### Available data
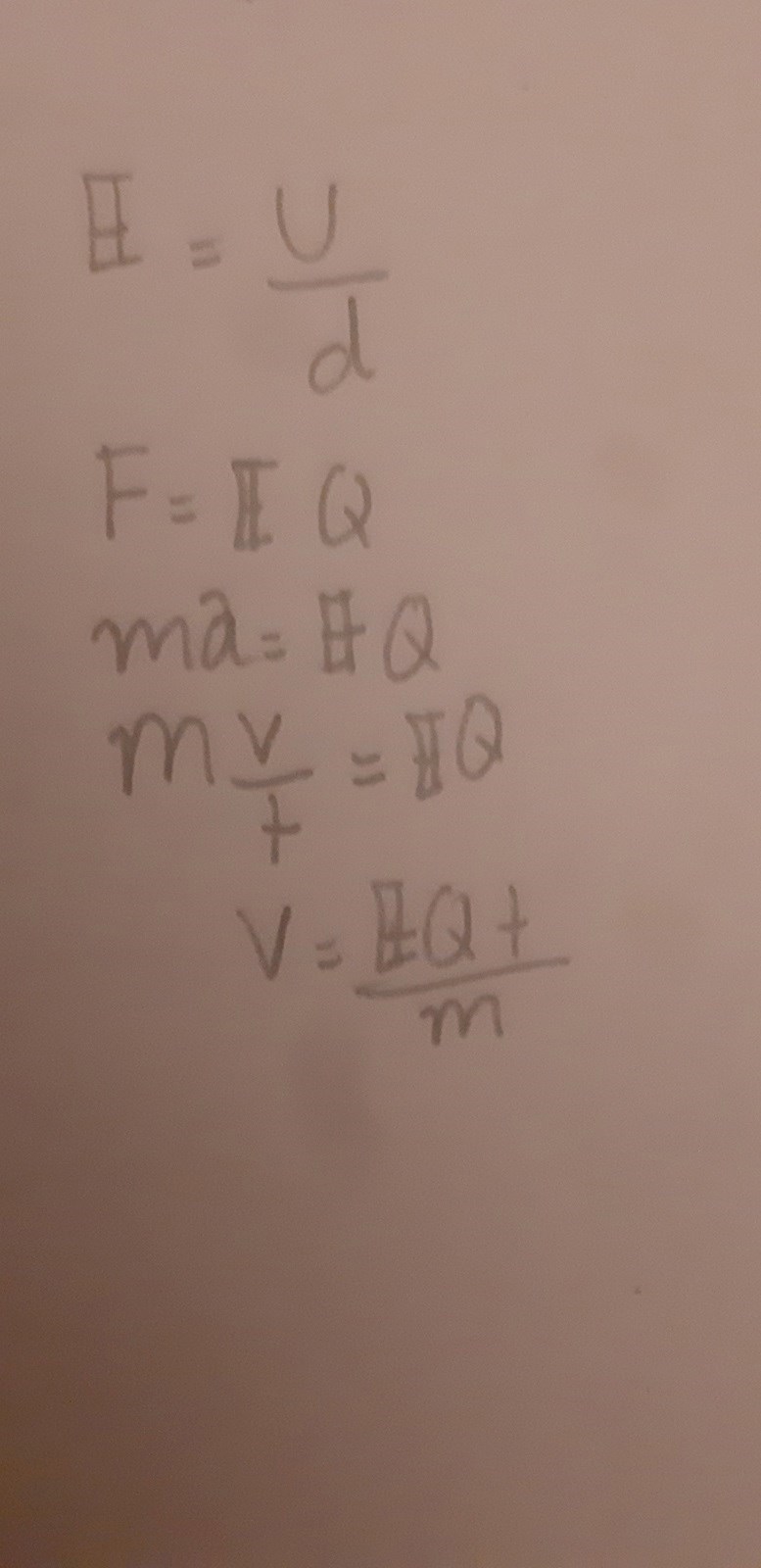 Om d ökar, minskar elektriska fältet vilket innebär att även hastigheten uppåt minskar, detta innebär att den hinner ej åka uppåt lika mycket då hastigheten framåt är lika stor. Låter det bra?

---

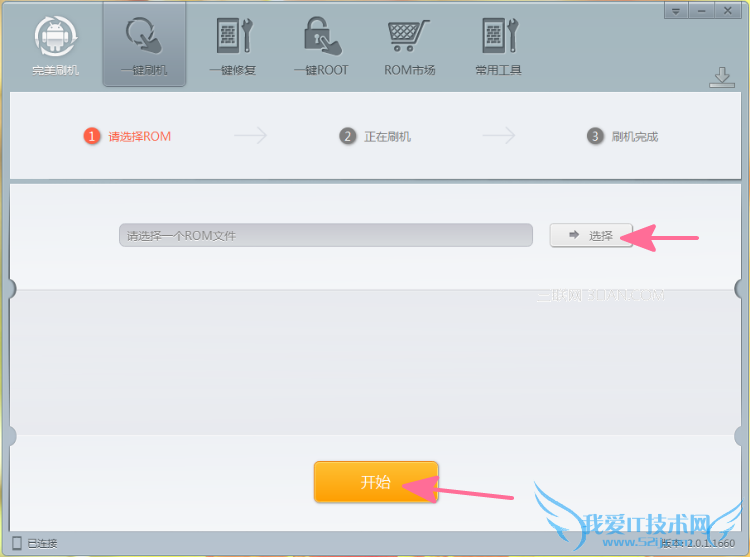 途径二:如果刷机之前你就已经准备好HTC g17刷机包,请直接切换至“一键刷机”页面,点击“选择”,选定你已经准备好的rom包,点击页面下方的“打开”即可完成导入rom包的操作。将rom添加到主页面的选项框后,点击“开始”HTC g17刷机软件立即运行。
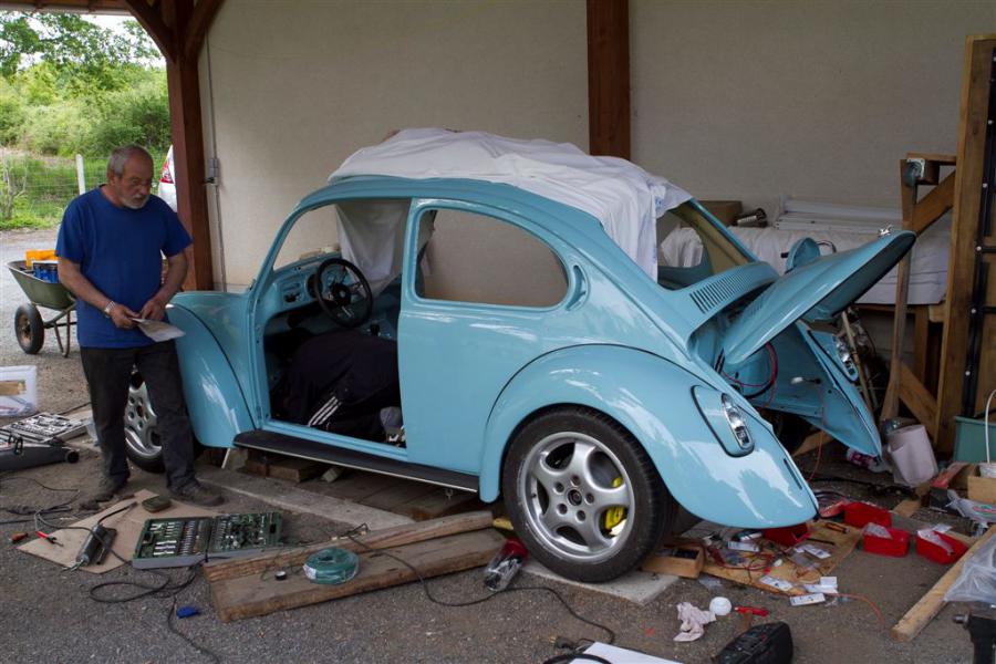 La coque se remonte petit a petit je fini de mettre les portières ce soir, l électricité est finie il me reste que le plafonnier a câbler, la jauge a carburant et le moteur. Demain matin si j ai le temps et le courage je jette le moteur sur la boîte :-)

...

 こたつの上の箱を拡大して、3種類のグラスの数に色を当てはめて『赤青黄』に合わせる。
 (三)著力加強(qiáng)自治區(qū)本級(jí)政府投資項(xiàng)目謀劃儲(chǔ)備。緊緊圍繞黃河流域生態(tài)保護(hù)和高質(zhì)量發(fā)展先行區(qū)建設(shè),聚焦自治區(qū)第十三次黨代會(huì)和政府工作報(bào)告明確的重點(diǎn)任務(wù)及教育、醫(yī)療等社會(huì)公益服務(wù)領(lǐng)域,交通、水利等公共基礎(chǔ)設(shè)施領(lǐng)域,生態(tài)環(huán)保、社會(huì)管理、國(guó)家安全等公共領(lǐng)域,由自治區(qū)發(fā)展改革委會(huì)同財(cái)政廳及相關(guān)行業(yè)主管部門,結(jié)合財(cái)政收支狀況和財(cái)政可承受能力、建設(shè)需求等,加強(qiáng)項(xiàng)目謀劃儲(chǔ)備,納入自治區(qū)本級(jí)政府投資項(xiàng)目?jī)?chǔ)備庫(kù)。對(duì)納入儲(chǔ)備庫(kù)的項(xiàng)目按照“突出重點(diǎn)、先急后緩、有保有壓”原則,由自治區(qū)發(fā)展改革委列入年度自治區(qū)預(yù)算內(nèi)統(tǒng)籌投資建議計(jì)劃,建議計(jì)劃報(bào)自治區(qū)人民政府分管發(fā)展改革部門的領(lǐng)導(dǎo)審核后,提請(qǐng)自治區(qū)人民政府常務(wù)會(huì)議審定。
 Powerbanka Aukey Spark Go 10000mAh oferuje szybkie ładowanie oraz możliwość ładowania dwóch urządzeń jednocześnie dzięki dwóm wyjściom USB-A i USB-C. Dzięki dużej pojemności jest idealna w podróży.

### Problem details
Above are the records. Copy the lines beginning at the one that has "こたつの上の箱を拡大して、3" and ending with the one that has "Powerbanka Aukey Spark", unchanged.

### Answer to this task
 こたつの上の箱を拡大して、3種類のグラスの数に色を当てはめて『赤青黄』に合わせる。
 (三)著力加強(qiáng)自治區(qū)本級(jí)政府投資項(xiàng)目謀劃儲(chǔ)備。緊緊圍繞黃河流域生態(tài)保護(hù)和高質(zhì)量發(fā)展先行區(qū)建設(shè),聚焦自治區(qū)第十三次黨代會(huì)和政府工作報(bào)告明確的重點(diǎn)任務(wù)及教育、醫(yī)療等社會(huì)公益服務(wù)領(lǐng)域,交通、水利等公共基礎(chǔ)設(shè)施領(lǐng)域,生態(tài)環(huán)保、社會(huì)管理、國(guó)家安全等公共領(lǐng)域,由自治區(qū)發(fā)展改革委會(huì)同財(cái)政廳及相關(guān)行業(yè)主管部門,結(jié)合財(cái)政收支狀況和財(cái)政可承受能力、建設(shè)需求等,加強(qiáng)項(xiàng)目謀劃儲(chǔ)備,納入自治區(qū)本級(jí)政府投資項(xiàng)目?jī)?chǔ)備庫(kù)。對(duì)納入儲(chǔ)備庫(kù)的項(xiàng)目按照“突出重點(diǎn)、先急后緩、有保有壓”原則,由自治區(qū)發(fā)展改革委列入年度自治區(qū)預(yù)算內(nèi)統(tǒng)籌投資建議計(jì)劃,建議計(jì)劃報(bào)自治區(qū)人民政府分管發(fā)展改革部門的領(lǐng)導(dǎo)審核后,提請(qǐng)自治區(qū)人民政府常務(wù)會(huì)議審定。
 Powerbanka Aukey Spark Go 10000mAh oferuje szybkie ładowanie oraz możliwość ładowania dwóch urządzeń jednocześnie dzięki dwóm wyjściom USB-A i USB-C. Dzięki dużej pojemności jest idealna w podróży.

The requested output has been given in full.